Neredeyse on yıl önce, Birleşik Krallık’taki Nottingham Üniversitesi personeli, sosyal medyanın kompulsif kullanımının profesyonel yardım gerektiren ayrı bir bozukluk haline geldiğini keşfetti. Bazı psikologlar , bazı hizmetlerin alkol ve nikotin bağımlılığından daha güçlü acı verici bağımlılığa neden olduğunu belirtti . Bununla birlikte, çevrimiçi hizmetlere yönelik hastalıklı saplantı resmi olarak normdan sapma olarak görülmemektedir. Aynı zamanda, sosyal ağların izleyici kitlesi halihazırda dünya nüfusunun yarısından fazlasını oluşturuyor ve sürekli artıyor.

Pew Araştırma Merkezi 2005 yılında sosyal medya kullanımını izlemeye başladığında, Amerikalı yetişkinlerin sadece yüzde beşi en az bir platform kullanıyordu. 2011 yılına gelindiğinde bu pay yarı yarıya arttı ve on yılın sonunda nüfusun yüzde 72’si aktif olarak bir veya başka bir sosyal ağ kullanıyordu.

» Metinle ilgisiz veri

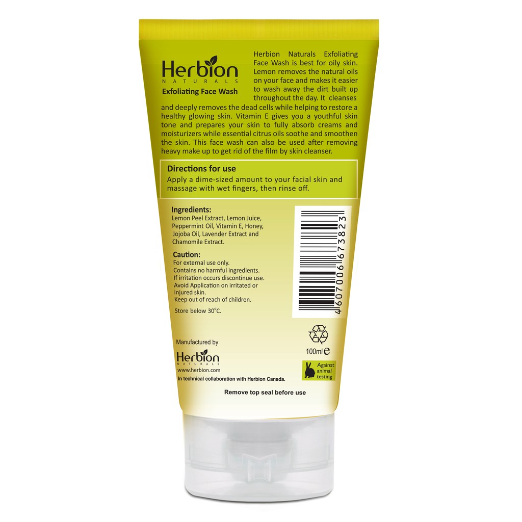 Herbion Naturals 2 in 1 Face Wash & Exfoliator with Lemon Peel Extracts & Vitamin E (100ml)

2020’de, COVID-19 salgını nedeniyle tüm dünya uzaktan çalışmaya başladığında ve bir dizi kilitlenme ofislere tam olarak geri dönülmesine izin vermediğinde, sosyal ağların kullanımı daha da yaygınlaştı. Daha önce onları görmezden gelenler bile tanınmış sitelere kaydolmak zorunda kaldı. Son haberlere göre , kullanıcıların büyük çoğunluğu bu yıl sosyal medyada normalden çok daha fazla zaman geçirdi. Sanal hayatın gerçek hayatla ikame edilmesinin doğrudan bağımlılığını izlemek mümkündür, ancak şimdi çoğu insan için daha çok zorunlu bir önlemse, o zaman İnternete psikolojik bağımlılıkla, kişi kendi gerçek sorunlarından ağa koşar.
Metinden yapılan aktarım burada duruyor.